Homework Help: Question involving integration

1. The problem statement, all variables and given/known data
When a gas undergoes an adiabatic compression or expansion (it neither gains nor loses heat), then the rate of change of pressure, with respect to the volume, varies directly with the pressure and inversely with the volume. If the pressure is p N/m² when the volume is v m³ and the initial pressure and initial volume are p₀ N/m² and v₀ m³, respectively, show that pv^k = p₀v₀^k.

2. The attempt at a solution

[tex]\frac{dp}{dv} = \frac{p}{v}[/tex]
[tex]\frac{p}{dp} = \frac{v}{dv}[/tex]
[tex]\int \frac{p}{dp} = \int \frac{v}{dv}[/tex]
[tex]\ln |p| = \ln |v| + \bar{c}[/tex]
[tex]e^{\ln v + \bar{c}} = p[/tex]
[itex]p = Cv^k[/itex] where [itex]C = e^{\bar{c}}[/itex]
[itex]p_0 = Cv_0^k[/itex]
So, it appears that p0/v0^k = p/v^k = C, but I'm not sure how to obtain that pv^k = p₀v₀^k.

Thank you in advance.

 

I got that pressure varies inversely with volume from the question itself, unless I've misinterpreted it.

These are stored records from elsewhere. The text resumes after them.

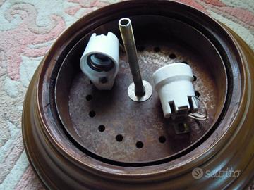 Plafoniera vintage, diametro max. cm. 30, peso kg. 2,5 circa, base in legno, vetro lavorato, punta in ottone, portalampada in ceramica attacchi E27, tutta originale, comprensiva di 2 lampadine, ed in eccellenti condizioni.
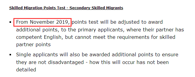 目前的加分规则是:配偶英文达到competent+提名职业与主申在同类清单上且通过职业评估+年龄45岁以下。
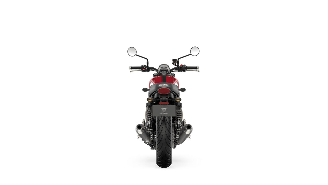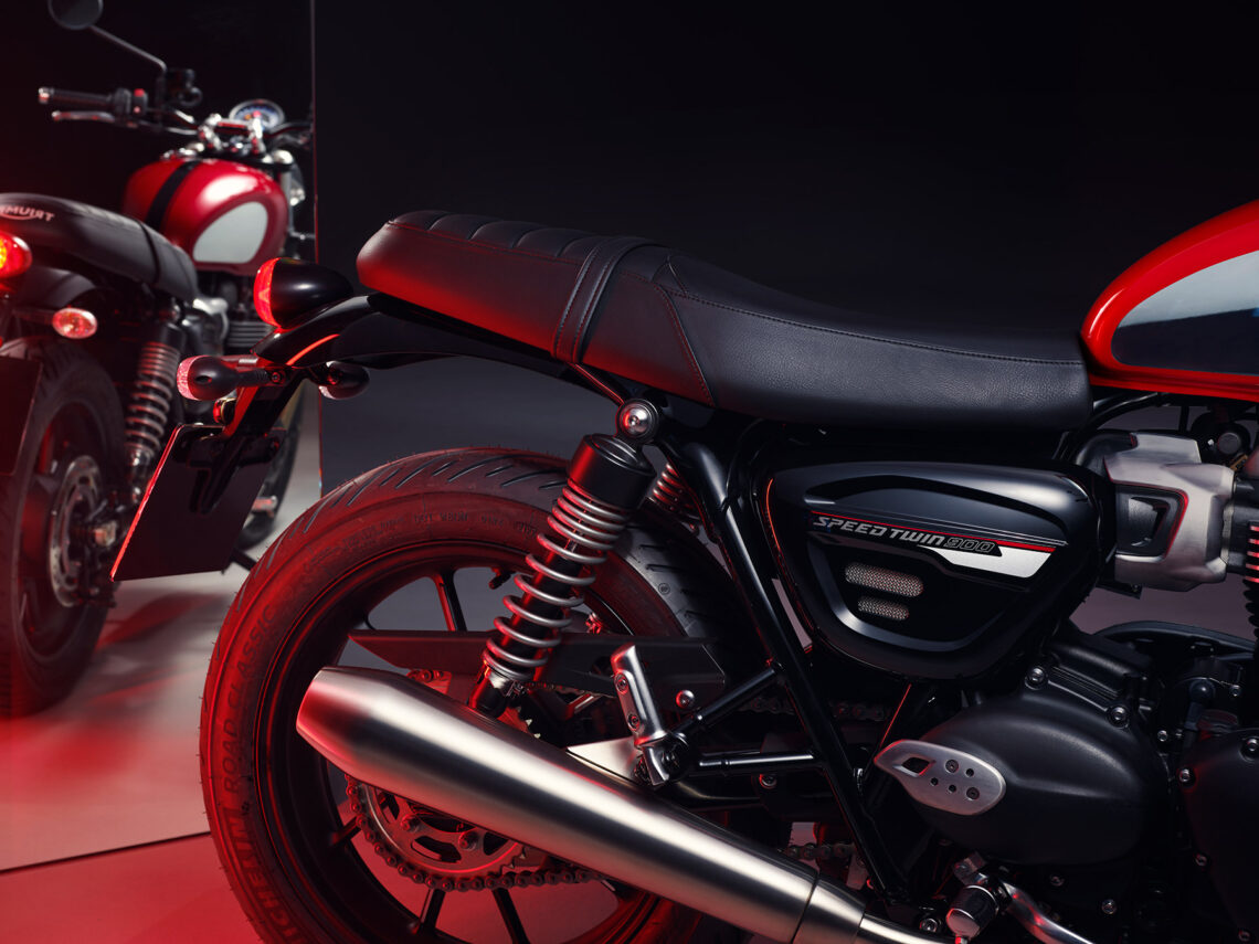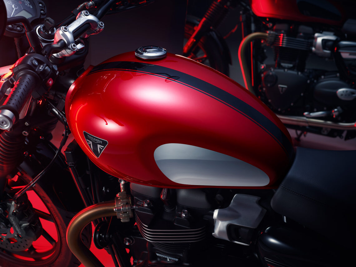 La Triumph Speed Twin 900 Chrome Edition destaca por un esquema cromático en rojo Red Hopper con una franja en negro Jet Black además de una zona de las rodillas en acabado metálico Chrome Edition a juego con las nuevas insignias triangulares de Triumph con detalles metálicos en los laterales del depósito. En los paneles laterales en negro Jet Black vemos también nuevos gráficos en rojo y plata, mientras que los guardabarros también son en este negro. Entre los nuevos accesorios disponibles, hay que destacar una pantalla opcional en Red Hopper a juego.
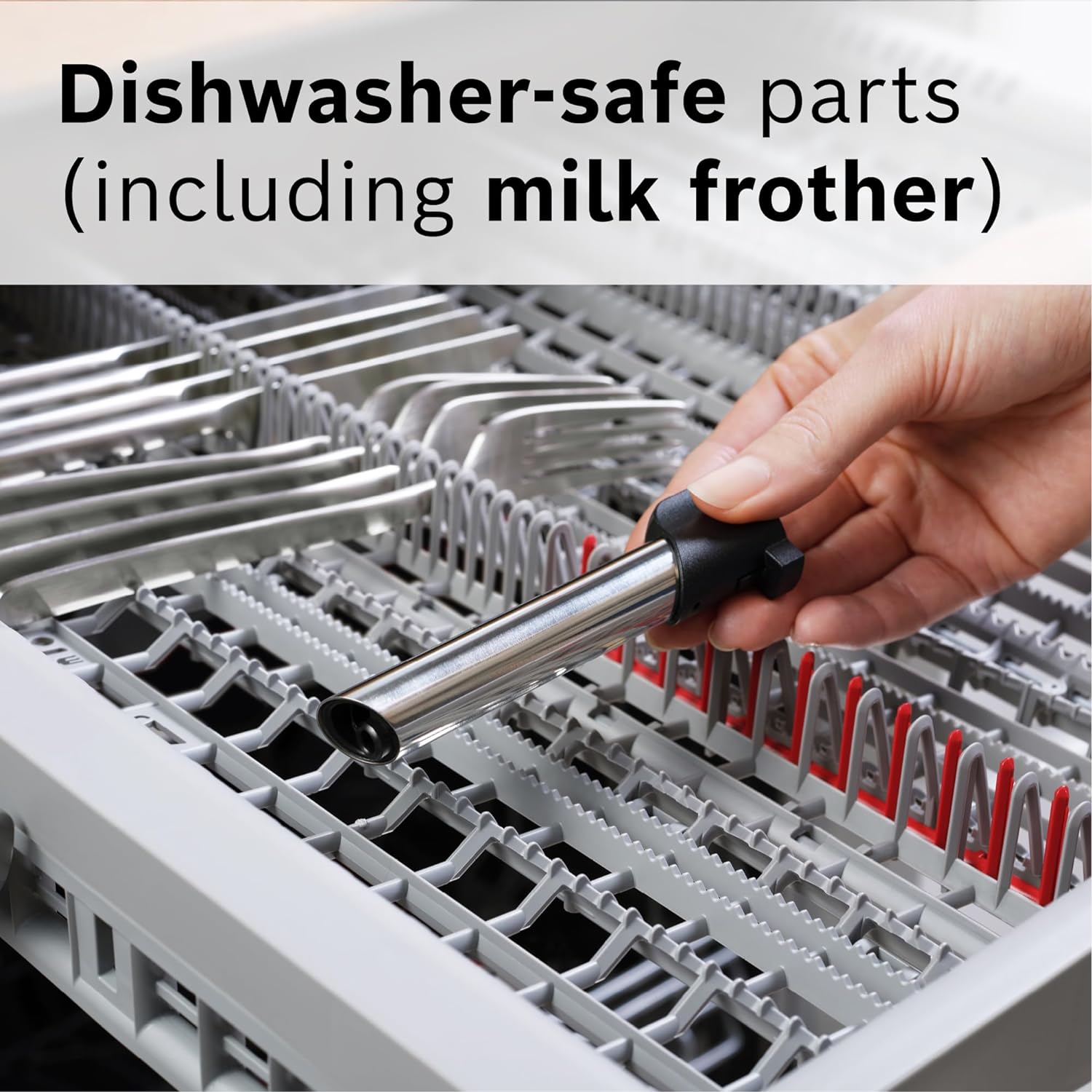 The dishwasher-safe frother and the easily accessible brewing unit on the appliance provide easy maintenance and cleaning.
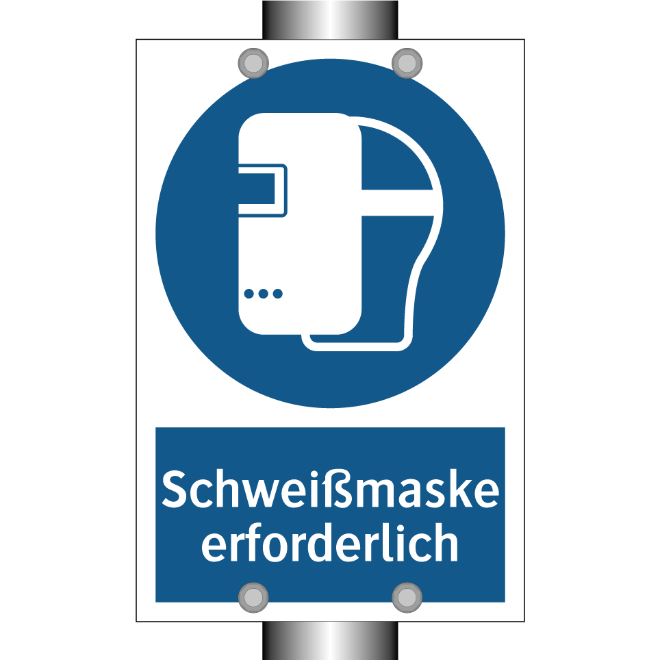 Gebotsschild mit dem Text Schweißmaske erforderlich
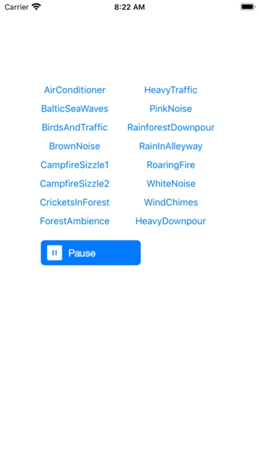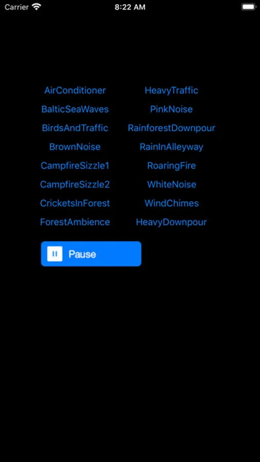 This app contains 16 different sounds that the user can choose from to listen to. These sounds are set on a continuous loop by default and can be paused at any time.
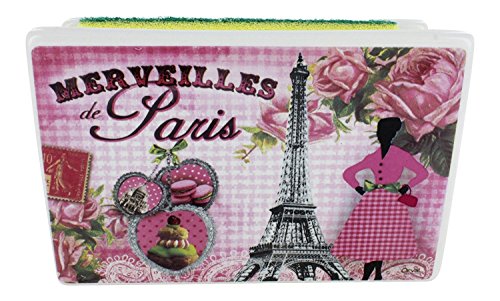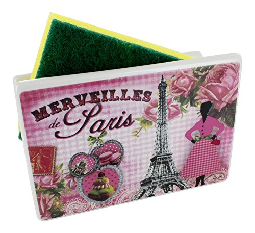 [Product Information]- Ceramic Sponge holder with a French design "Merveilles de Paris France", with the eiffel tower
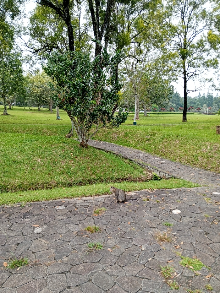 A tabby cat sits on a stone-paved area next to a strip of green grass. Behind the grass, a stone pathway crosses over a shallow ditch, leading towards a large green lawn dotted with various trees and shrubs. The sky is overcast, providing soft, diffused lighting across the scene. The overall impression is one of peaceful tranquility in a park-like setting.
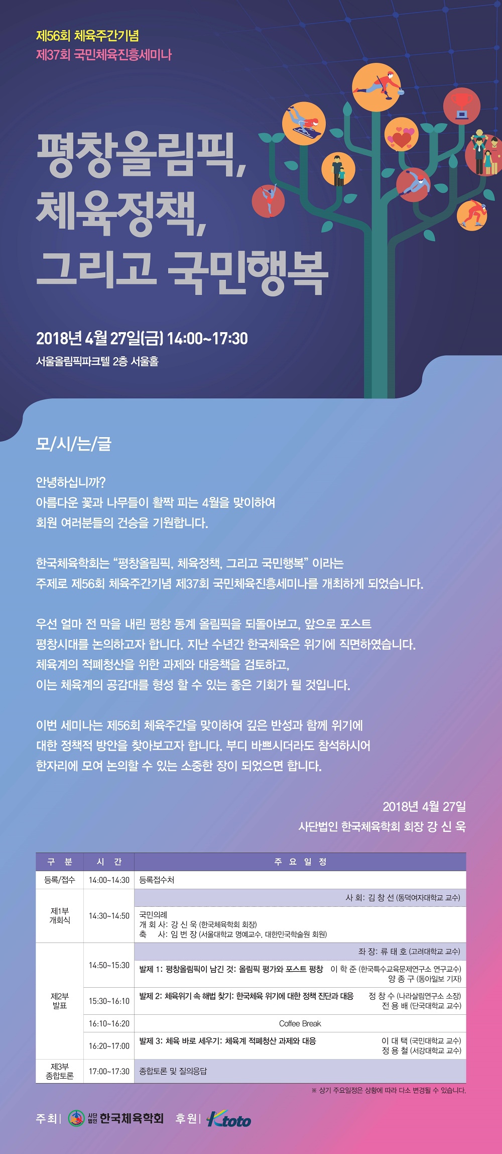 한국체육학회에서 다음과 같이 제56회 체육주간기념 국민체육진흥세미나를 개최합니다.
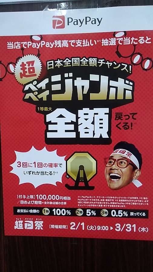更に当店は明日2/1から始まるpaypayジャンボの対象店舗となっております!(^^)!
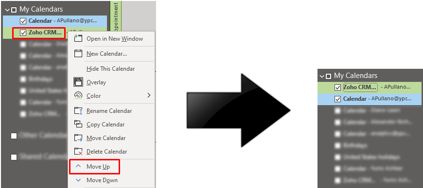 Making your Zoho Calendar your primary in outlook (so that events are automatically saved there when created in outlook) is very simple. All we have to do is Rt click > Move Up til the Zoho Calendar is at the top. The top calendar is where your items will save by default.
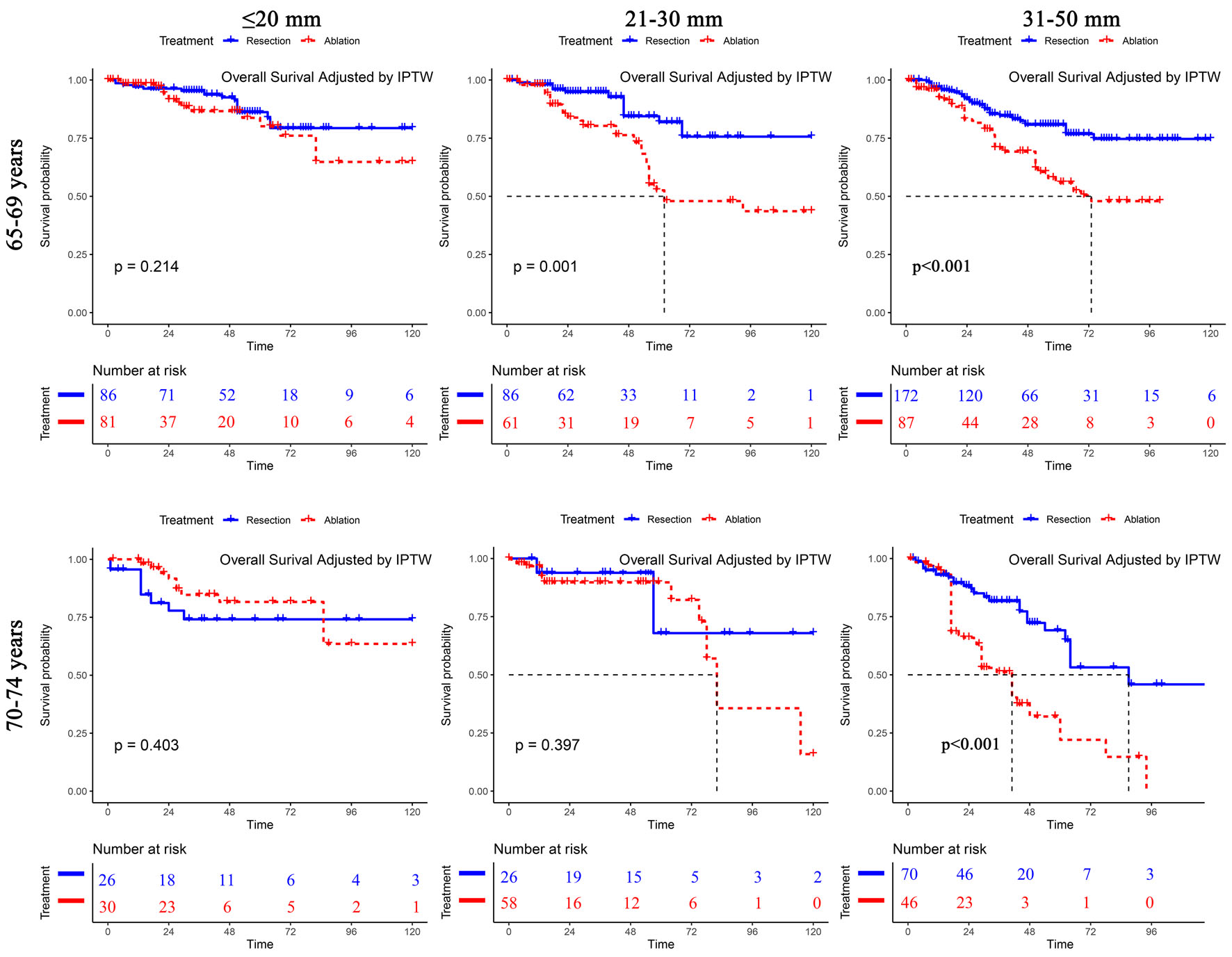 The characteristics of patients who underwent ablation and resection were compared using the Chi-squared test (Fisher’s exact test for small sample) for categorical variables and Student’s t-test for continuous variables. Heterogeneity of treatment effects was assessed with tests of interaction between treatments (ablation vs. resection) and age groups (65 - 69, 70 - 74 and ≥ 75). Hazard ratios (HRs) and 95% confidence intervals (CIs) of survival in response to treatment across the different age groups were estimated. Multivariate analyses were performed using Cox proportional hazards regression analysis with a stepwise backward process. The Kaplan-Meier method with a log-rank test was applied to compare the survival outcomes of patients. An estimation of the median follow-up time was proposed with the reverse Kaplan-Meier method. All statistical tests were two-sided, and P < 0.05 was considered statistically significant. For all analyses, HRs with 95% CIs were calculated. All statistical analyses were performed using SPSS 23.0 for Windows (SPSS, Chicago, IL, USA) and R software (version 3.6.2) with the rms, survival, ggplot2, survminer, IPWsurvival and MatchIt packages.

Yes, actually I wrote it wrongly. I forgot to add k, the proportionality constant, to the differential equation. It should be:
[tex]\frac{dp}{dv} = k\frac{p}{v}[/tex]
[tex]\frac{dp}{p} = k\frac{dv}{v}[/tex]
[tex]\ln|p| = k\ln|v| + \bar{c}[/tex]
[tex]p = e^{k\ln v + \bar{c}}[/tex]
[tex]p = Cv^k[/tex]
But I'm still not sure how to obtain the desired result.

[EDIT]
If I write
[tex]\frac{dp}{p} = -k\frac{dv}{v}[/tex]
with a minus sign in front of k, I obtain:
[tex]\ln|p| = -k\ln|v| + \bar{c}[/tex]
[tex]\ln|p| + k\ln|v| = \bar{c}[/tex]
[tex]\ln|p| + \ln|v|^k = \bar{c}[/tex]
[tex]\ln|p||v|^k = \bar{c}[/tex]
[tex]pv^k = e^{\bar{c}}[/tex]
[tex]pv^k = C[/tex]
which seems to be the desired result, but I'm not very sure about it.

Thank you in advance.

 

Very good then, thank you for confirming.